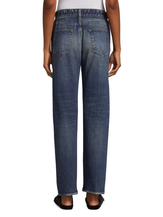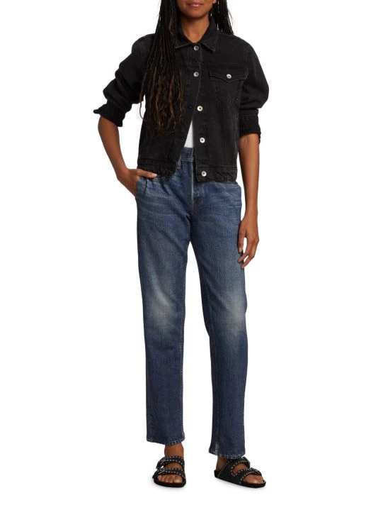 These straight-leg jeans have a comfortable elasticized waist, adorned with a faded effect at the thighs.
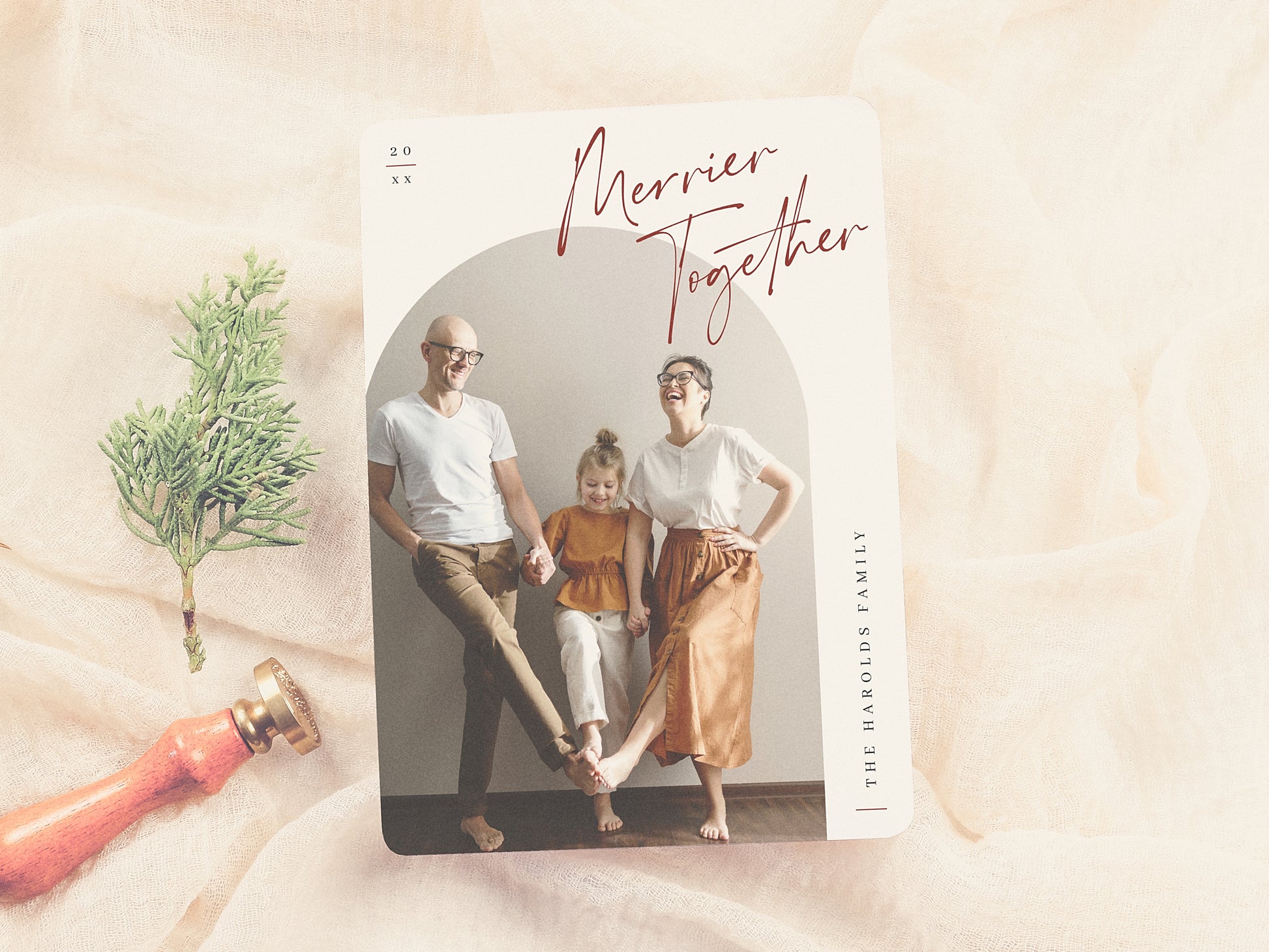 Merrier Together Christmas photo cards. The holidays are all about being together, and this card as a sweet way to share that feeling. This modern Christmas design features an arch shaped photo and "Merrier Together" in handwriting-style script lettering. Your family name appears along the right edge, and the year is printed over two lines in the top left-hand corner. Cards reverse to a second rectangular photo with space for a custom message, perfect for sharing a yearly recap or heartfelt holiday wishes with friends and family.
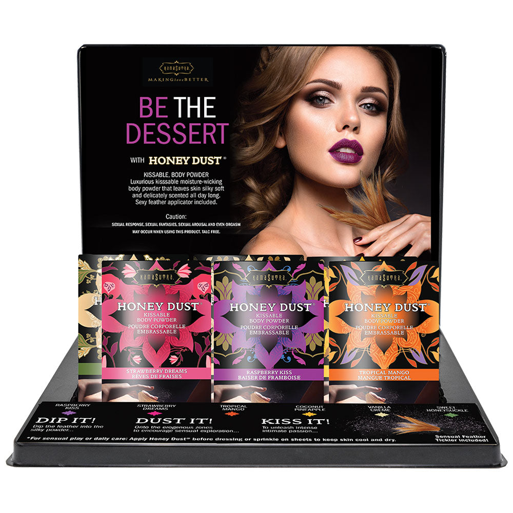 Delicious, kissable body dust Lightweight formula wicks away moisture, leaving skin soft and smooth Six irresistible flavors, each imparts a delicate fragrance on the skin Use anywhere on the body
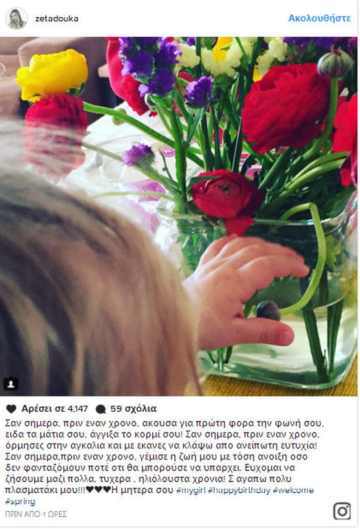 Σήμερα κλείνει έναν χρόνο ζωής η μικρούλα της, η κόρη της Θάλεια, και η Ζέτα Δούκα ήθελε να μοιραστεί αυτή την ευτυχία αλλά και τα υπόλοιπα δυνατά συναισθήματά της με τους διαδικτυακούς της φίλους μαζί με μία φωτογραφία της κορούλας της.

============================================================

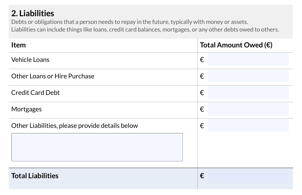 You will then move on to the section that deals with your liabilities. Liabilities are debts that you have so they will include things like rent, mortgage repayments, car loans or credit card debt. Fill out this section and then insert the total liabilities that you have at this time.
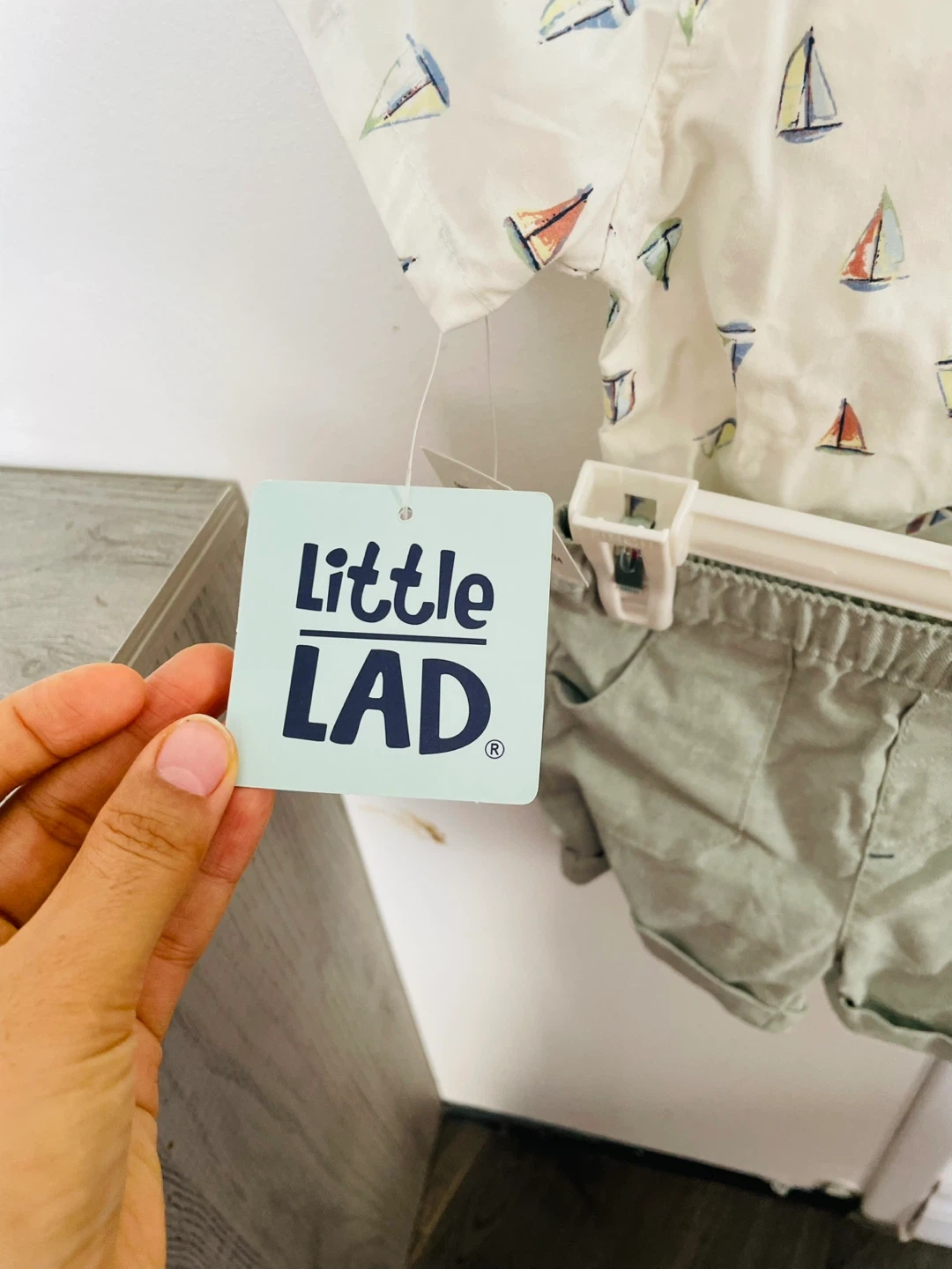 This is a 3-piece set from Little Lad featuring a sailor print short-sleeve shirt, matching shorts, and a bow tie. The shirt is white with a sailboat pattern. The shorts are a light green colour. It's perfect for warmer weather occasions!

============================================================

» WHAT IS BEING ASKED
Above are the records. Copy only the lines from the one with "You will then" through the one with "This is a 3-piece", exactly, with no pictures.

» EXERCISE ANSWER
 You will then move on to the section that deals with your liabilities. Liabilities are debts that you have so they will include things like rent, mortgage repayments, car loans or credit card debt. Fill out this section and then insert the total liabilities that you have at this time.
 This is a 3-piece set from Little Lad featuring a sailor print short-sleeve shirt, matching shorts, and a bow tie. The shirt is white with a sailboat pattern. The shorts are a light green colour. It's perfect for warmer weather occasions!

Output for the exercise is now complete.